The fact that the reo is milled out of a solid block of aluminum and is pretty much the toughest piece of vapegear on the market also helps its cause. That and the simplicity of setting it up and using it. I also watched the reviews for the vmod and boge bf mods and they have there niggles. Anyway my 2c from a non reo owner perspective.


----------



## Andre (14/8/14)

BhavZ said:


> But I dont think that is something unique to the reo but rather to bottom feeding mods
> 
> or am I mistaken?


You are absolute correct. The principle is bottom feed and power source combined. In this sphere the Reo has proven itself over and over as the best available at the price. Many have tried, many have failed - mostly because of inferior quality. There are some awesome other ones, but usually far more expensive than a Reo.

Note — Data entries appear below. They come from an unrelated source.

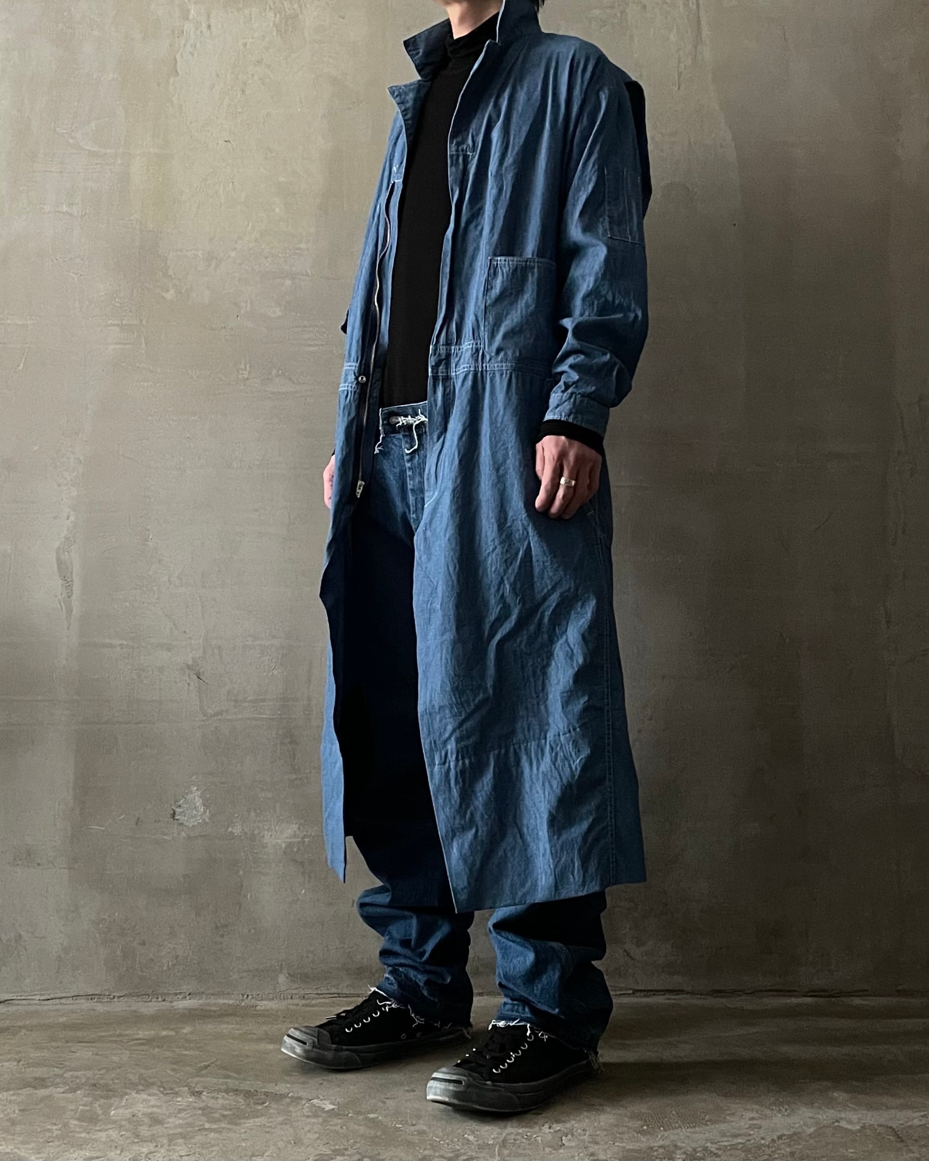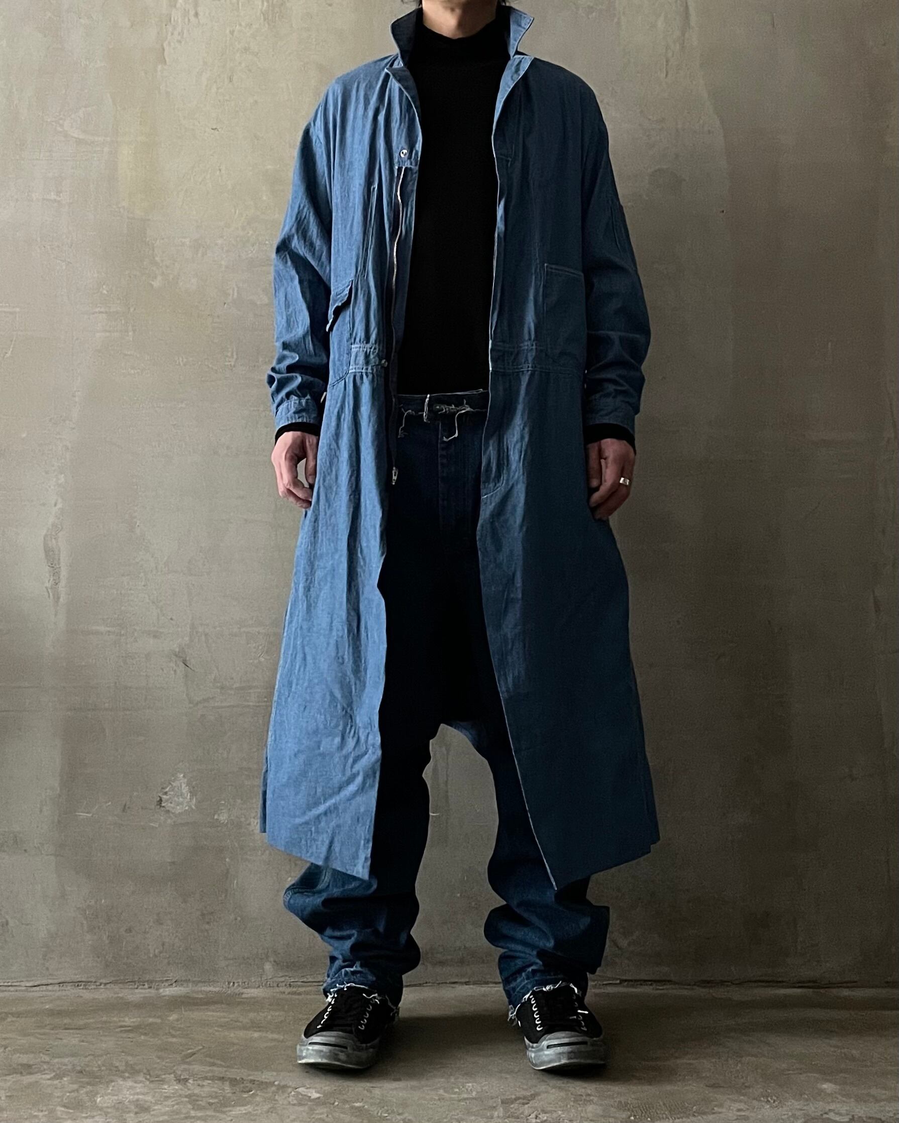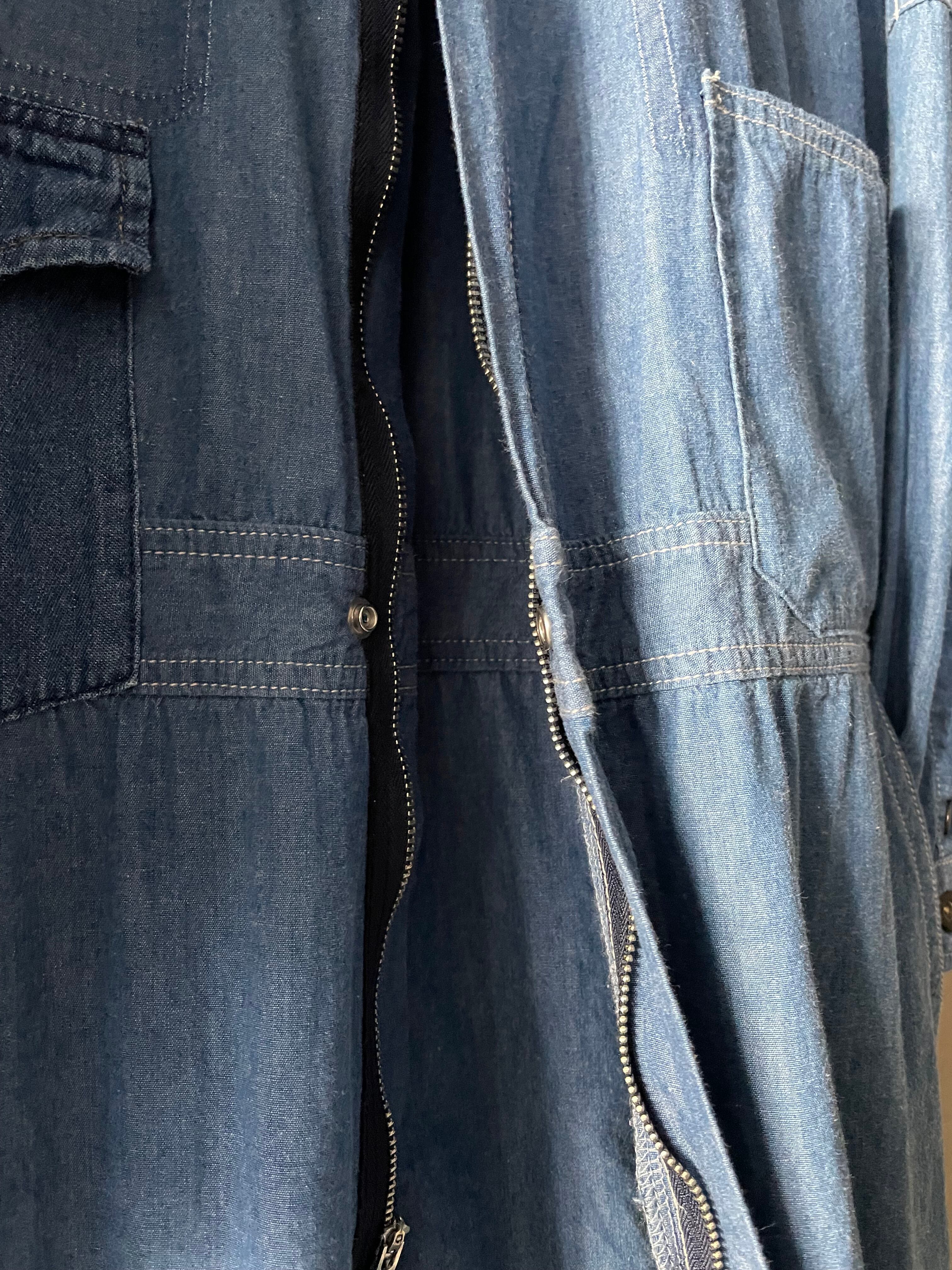 TrAnsference maxi jumpsuit denim coat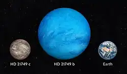 The inner planet, HD 21749 c (the second in order of discovery), is orbiting the star at a distance of 0.08 AU with a period of just 7.8 days. A terrestrial planet, it has a radius of 1.1 R🜨 and was the first Earth-sized planet found by TESS.[6][5] Its mass is too low to be calculated with current radial velocity data, with an upper limit of 3.5 M🜨; a probabilistic model estimates it is most likely between 1 and M🜨.[6]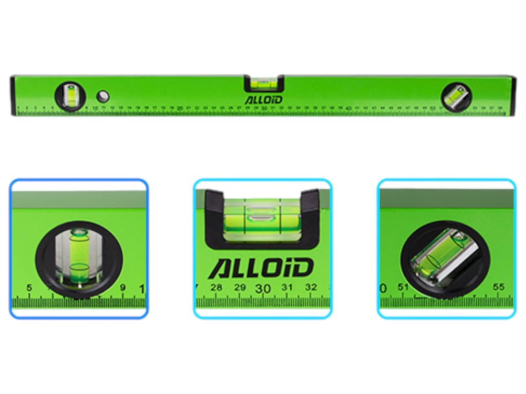 Точна розмітка та контроль положення конструкцій забезпечуються трьома капсулами, відкаліброваними під кутами 0°, 90° та 45°. Корпус з анодованого алюмінію з ребрами твердості стійкий до деформацій, а міліметрова шкала нанесена по всій довжині для зручності вимірювань. Бічні та верхні вікна дозволяють зчитувати показання в будь-якому робочому положенні.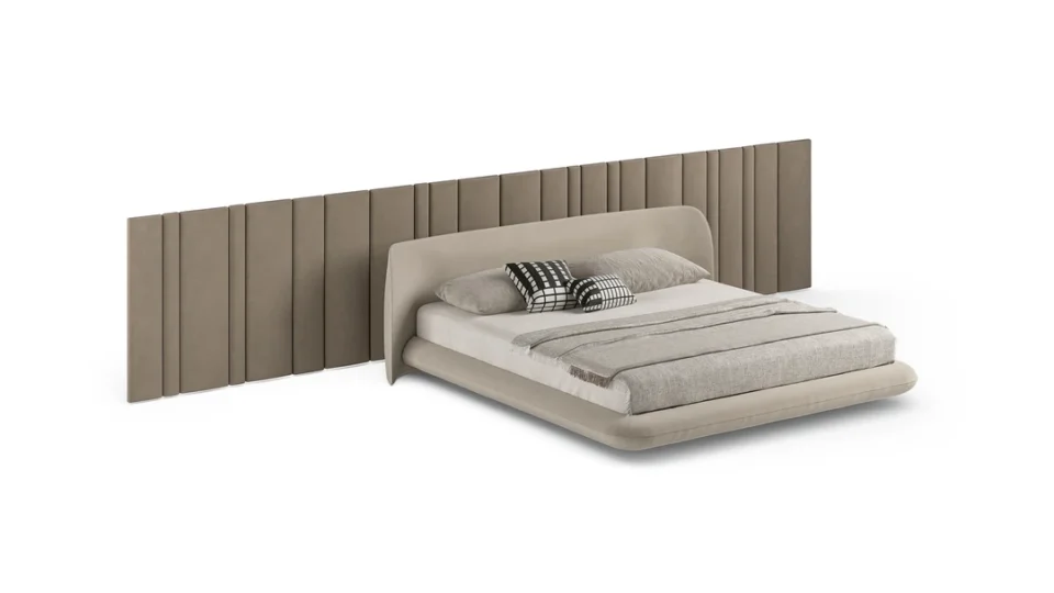 Medici grand lit design haut de gamme avec grand tête de lit capitonnée, coussins lombaires intégrés et structure épurée. Disponible chez D-Style Interior.Medici grand lit design haut de gamme avec grand tête de lit capitonnée, coussins lombaires intégrés et structure épurée. Disponible chez D-Style Interior.
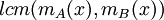 לכן, [math]\displaystyle{ m_A(x)|f(x) }[/math] וגם [math]\displaystyle{ m_B(x)|f(x) }[/math], כלומר f הוא כפולה משותפת של [math]\displaystyle{ m_A(x),m_B(x) }[/math].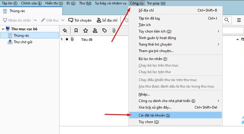 Tại bảng điều khiển chính của Thunderbird, bạn tìm đến Công cụ (Tools) và chọn Cài đặt tài khoản (Account Settings)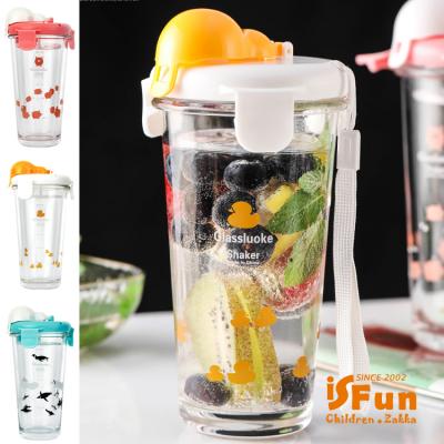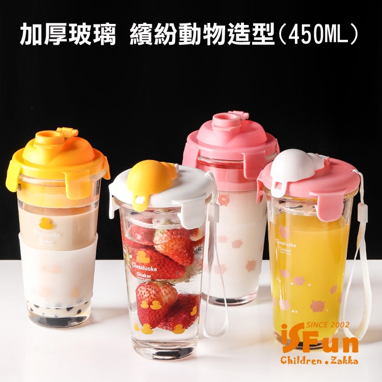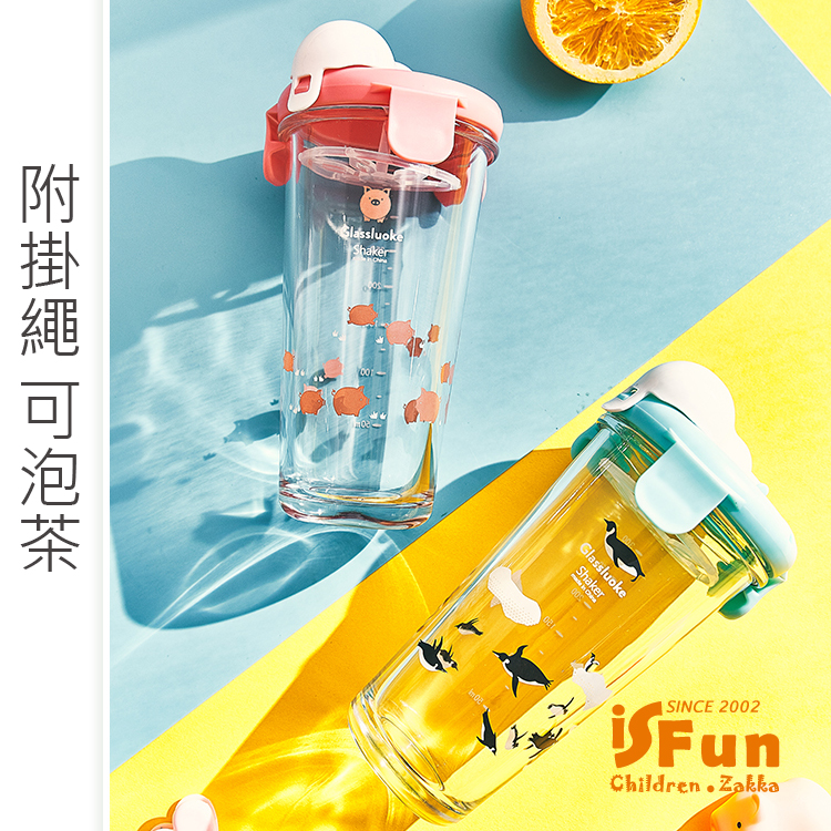 【iSFun】飛翔動物*附繩隨身泡茶玻璃水杯450ML/粉豬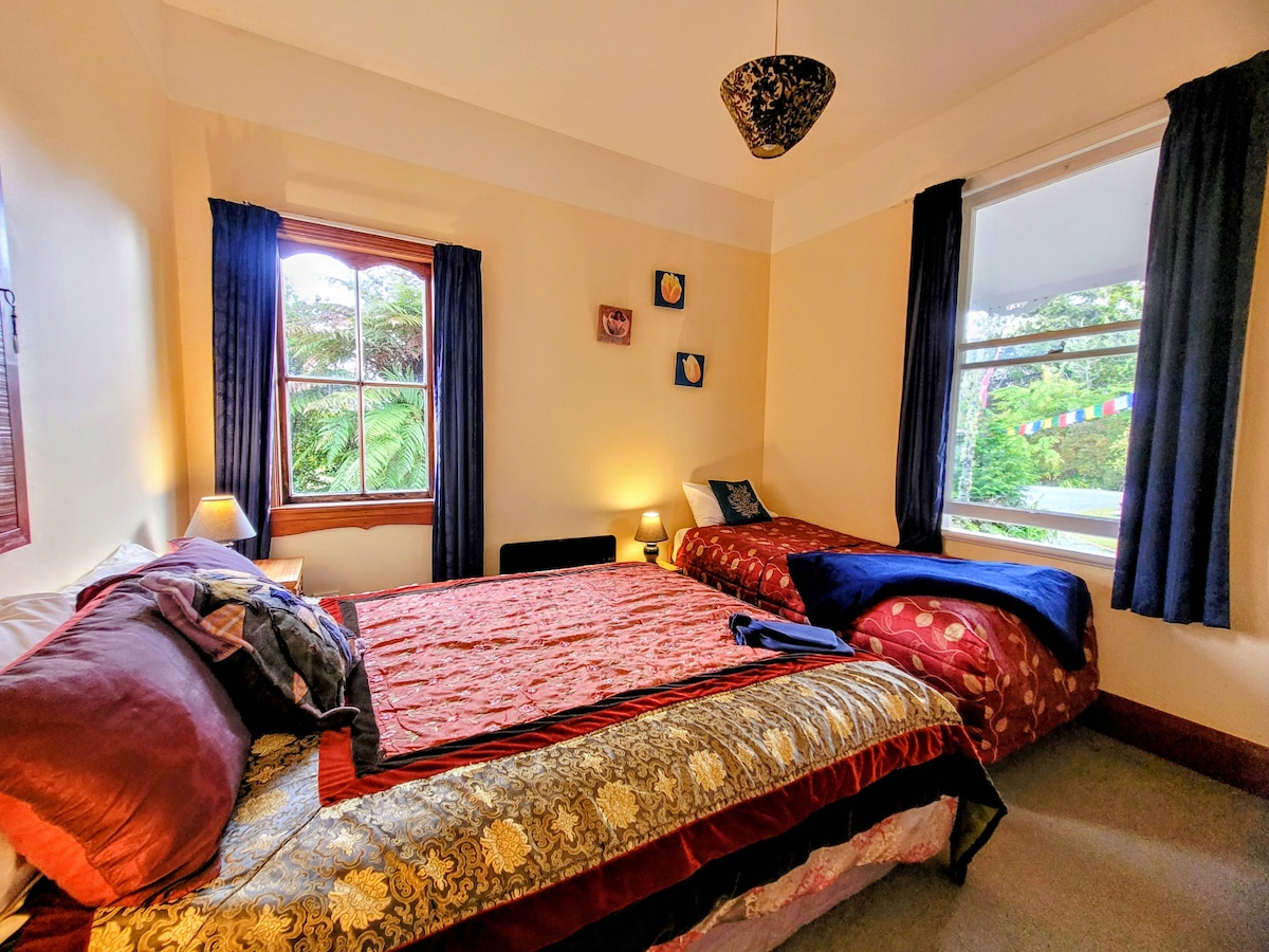 We offer a place like no other. The Mamaku Roost is a large, unique, private & peaceful oasis with easy access/parking in a semi rural setting (but super handy location) 5 minute drive to town, train & beach. Art, antiques, original wooden floors, log burner, double glazing/curtains, modern hot shower, heated blankets, kitchenette, fast wifi, black out curtains. Outside has a covered patio, outdoor fire/furniture, fountain, native bush, farm, garden, beehives, friendly animals. Guests say WOW.
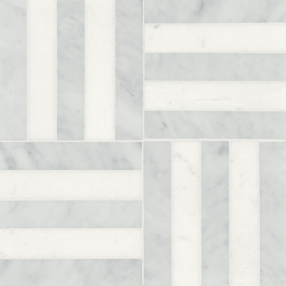 Graceful yet modern, Matisse Carrara & Thassos Honed Mosaic highlights a fresh white-on-white look with subtle veining and polished geometry.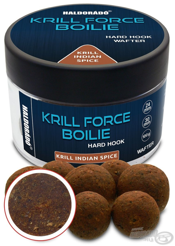 Haldorádó Krill Force Boilie Hard Hook Wafter 24, 30 mm Krill Indian Spice Nástrahové Boilies 100gr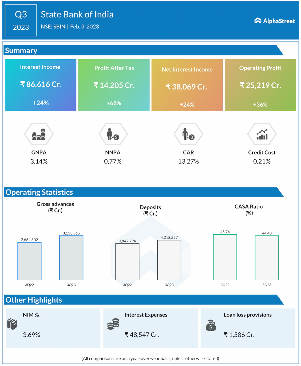 State Bank of India’s interest income in Q3FY23 rose 24% to ₹ 86,616 crores. Consolidated Profit After Tax came at ₹ 14,205 crores showcasing a 68% rise YoY over the corresponding period. In this quarter’s results, the reports suggested that the firm has continued to deliver consistent performance in all key operational and financial indicators in Q3Y23.
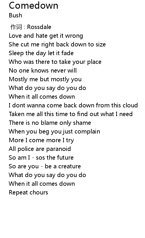 | 歌曲 | Comedown |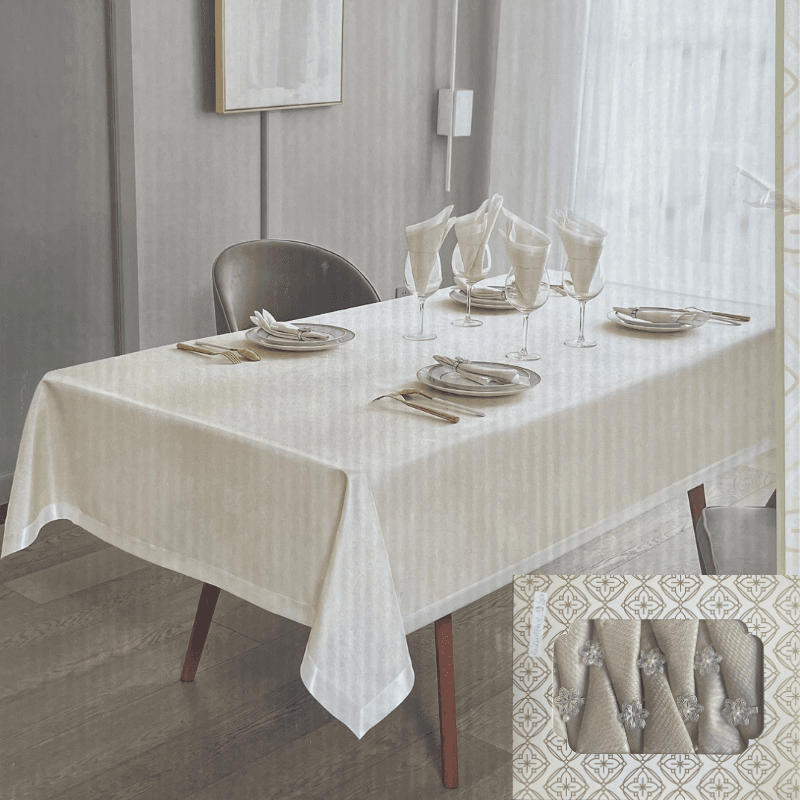 NAPPE DE TABLE SATINE BLANC CREME 1

In this arena the Reo is the best quality for your buck, with a proven backup system.

Reactions: Agree 1


----------



## WHeunis (14/8/14)

Riaz said:


> i dont have a reo, yet, and by the way you speak of it is almost as if you've owned 100's of them
> 
> your thread title states, please help me understand, there were many replies to 'help you understand' but you missed the bus on all of them.
> 
> if you ask for advice, and then get given a lot of it and still fight those that give it to you then you sir are, as @Chop007 would say, a legend


Not my thread.


----------



## capetocuba (14/8/14)

This all sounds way to complicated for me ... think I might go back to my trusty T2


----------



## Metal Liz (14/8/14)

TylerD said:


>




I got another one for you TylerD

Reactions: Winner 1


----------



## johan (14/8/14)

@Gazzacpt small correction: the OP was @kimbo, it just went severely South (again).

Reactions: Agree 1 | Thanks 1


----------